__Recorded data__

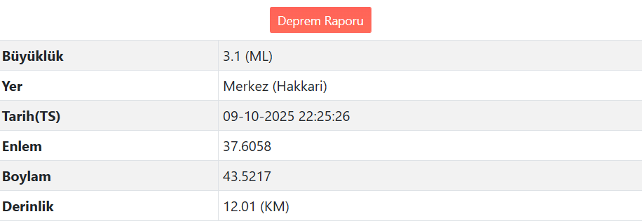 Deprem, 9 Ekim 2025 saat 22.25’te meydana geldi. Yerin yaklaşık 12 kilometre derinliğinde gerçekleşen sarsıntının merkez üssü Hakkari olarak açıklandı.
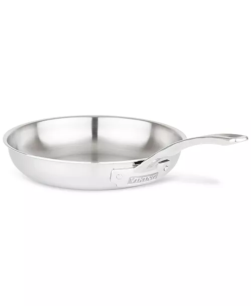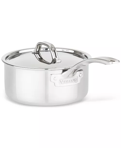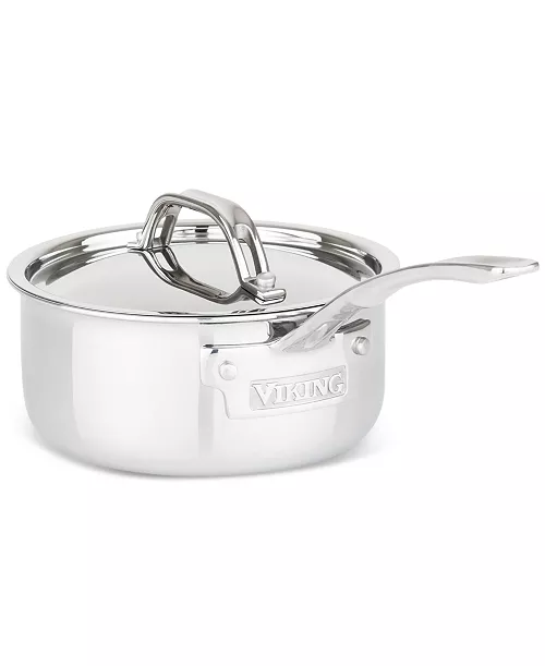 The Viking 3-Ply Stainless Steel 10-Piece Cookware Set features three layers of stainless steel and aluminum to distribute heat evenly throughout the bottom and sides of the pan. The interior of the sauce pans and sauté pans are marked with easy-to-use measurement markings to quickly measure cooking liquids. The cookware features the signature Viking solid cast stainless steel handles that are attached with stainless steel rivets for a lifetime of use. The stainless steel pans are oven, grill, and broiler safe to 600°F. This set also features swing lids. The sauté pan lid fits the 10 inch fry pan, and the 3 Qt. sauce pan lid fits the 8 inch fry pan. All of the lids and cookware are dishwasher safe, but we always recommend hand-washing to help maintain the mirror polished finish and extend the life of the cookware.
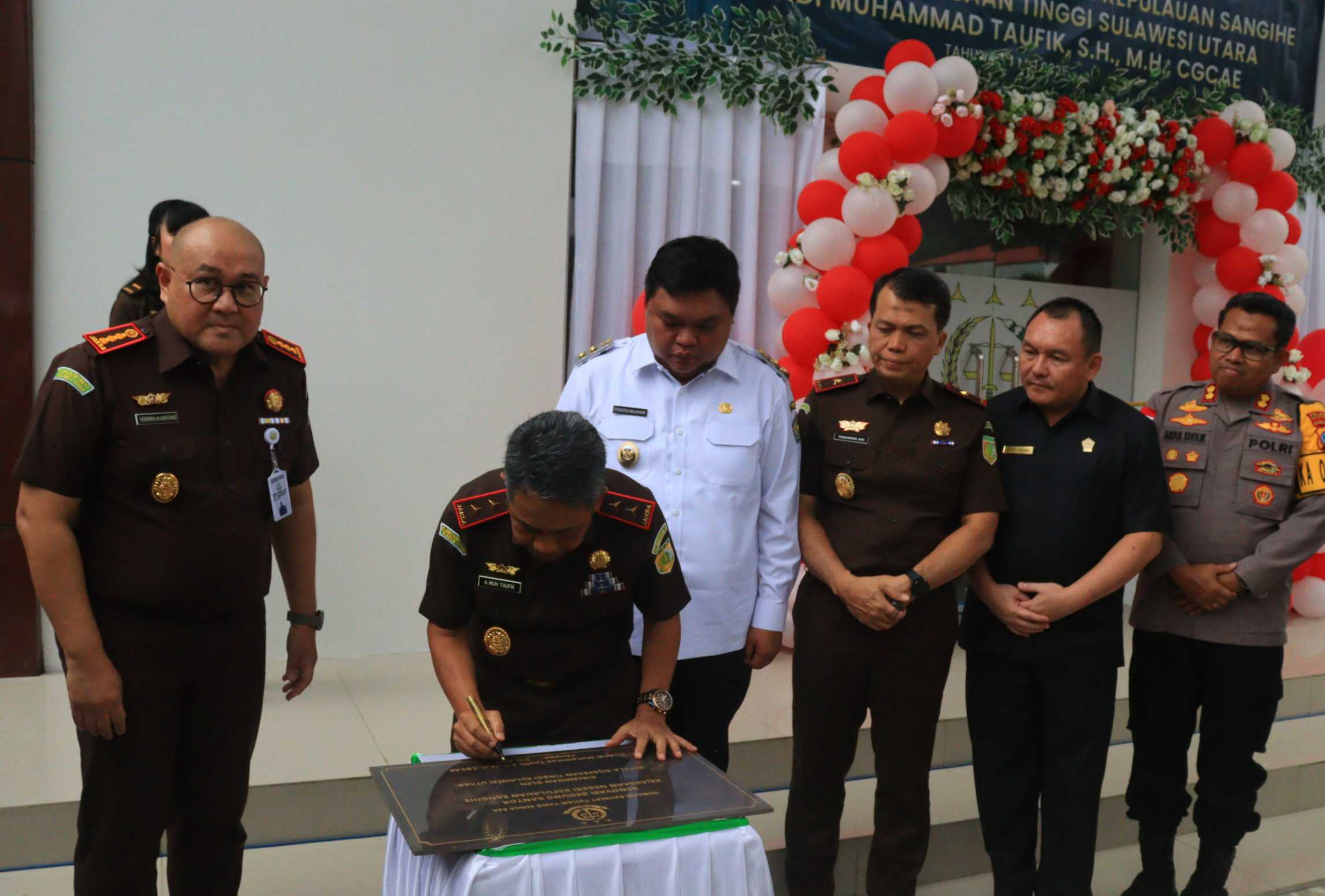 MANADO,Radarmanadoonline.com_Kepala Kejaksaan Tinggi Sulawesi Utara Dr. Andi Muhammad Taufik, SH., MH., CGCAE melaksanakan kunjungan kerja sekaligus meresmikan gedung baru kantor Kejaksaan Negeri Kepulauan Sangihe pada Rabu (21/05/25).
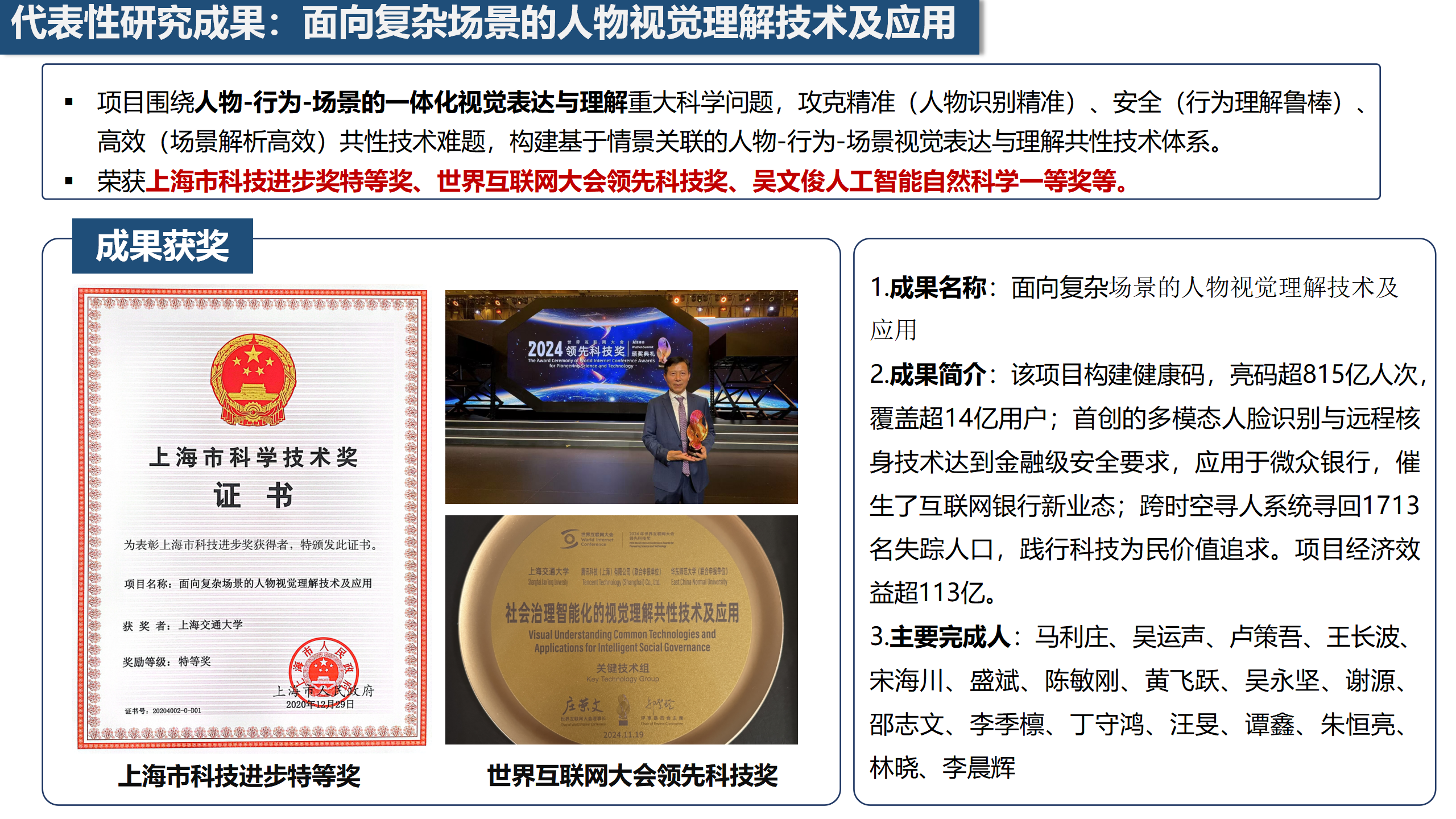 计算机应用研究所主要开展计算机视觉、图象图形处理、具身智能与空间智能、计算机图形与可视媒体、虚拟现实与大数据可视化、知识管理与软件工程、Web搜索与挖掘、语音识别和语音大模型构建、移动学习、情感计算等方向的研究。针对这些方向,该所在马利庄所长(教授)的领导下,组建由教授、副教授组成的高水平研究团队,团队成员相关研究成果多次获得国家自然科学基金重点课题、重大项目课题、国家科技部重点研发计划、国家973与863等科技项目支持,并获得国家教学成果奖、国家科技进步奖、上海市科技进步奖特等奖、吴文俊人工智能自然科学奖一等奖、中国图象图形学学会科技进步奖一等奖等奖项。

__Requirement__
Retype all of the material above exactly; the pictures stay out.

__Result__
 Deprem, 9 Ekim 2025 saat 22.25’te meydana geldi. Yerin yaklaşık 12 kilometre derinliğinde gerçekleşen sarsıntının merkez üssü Hakkari olarak açıklandı.
 The Viking 3-Ply Stainless Steel 10-Piece Cookware Set features three layers of stainless steel and aluminum to distribute heat evenly throughout the bottom and sides of the pan. The interior of the sauce pans and sauté pans are marked with easy-to-use measurement markings to quickly measure cooking liquids. The cookware features the signature Viking solid cast stainless steel handles that are attached with stainless steel rivets for a lifetime of use. The stainless steel pans are oven, grill, and broiler safe to 600°F. This set also features swing lids. The sauté pan lid fits the 10 inch fry pan, and the 3 Qt. sauce pan lid fits the 8 inch fry pan. All of the lids and cookware are dishwasher safe, but we always recommend hand-washing to help maintain the mirror polished finish and extend the life of the cookware.
 MANADO,Radarmanadoonline.com_Kepala Kejaksaan Tinggi Sulawesi Utara Dr. Andi Muhammad Taufik, SH., MH., CGCAE melaksanakan kunjungan kerja sekaligus meresmikan gedung baru kantor Kejaksaan Negeri Kepulauan Sangihe pada Rabu (21/05/25).
 计算机应用研究所主要开展计算机视觉、图象图形处理、具身智能与空间智能、计算机图形与可视媒体、虚拟现实与大数据可视化、知识管理与软件工程、Web搜索与挖掘、语音识别和语音大模型构建、移动学习、情感计算等方向的研究。针对这些方向,该所在马利庄所长(教授)的领导下,组建由教授、副教授组成的高水平研究团队,团队成员相关研究成果多次获得国家自然科学基金重点课题、重大项目课题、国家科技部重点研发计划、国家973与863等科技项目支持,并获得国家教学成果奖、国家科技进步奖、上海市科技进步奖特等奖、吴文俊人工智能自然科学奖一等奖、中国图象图形学学会科技进步奖一等奖等奖项。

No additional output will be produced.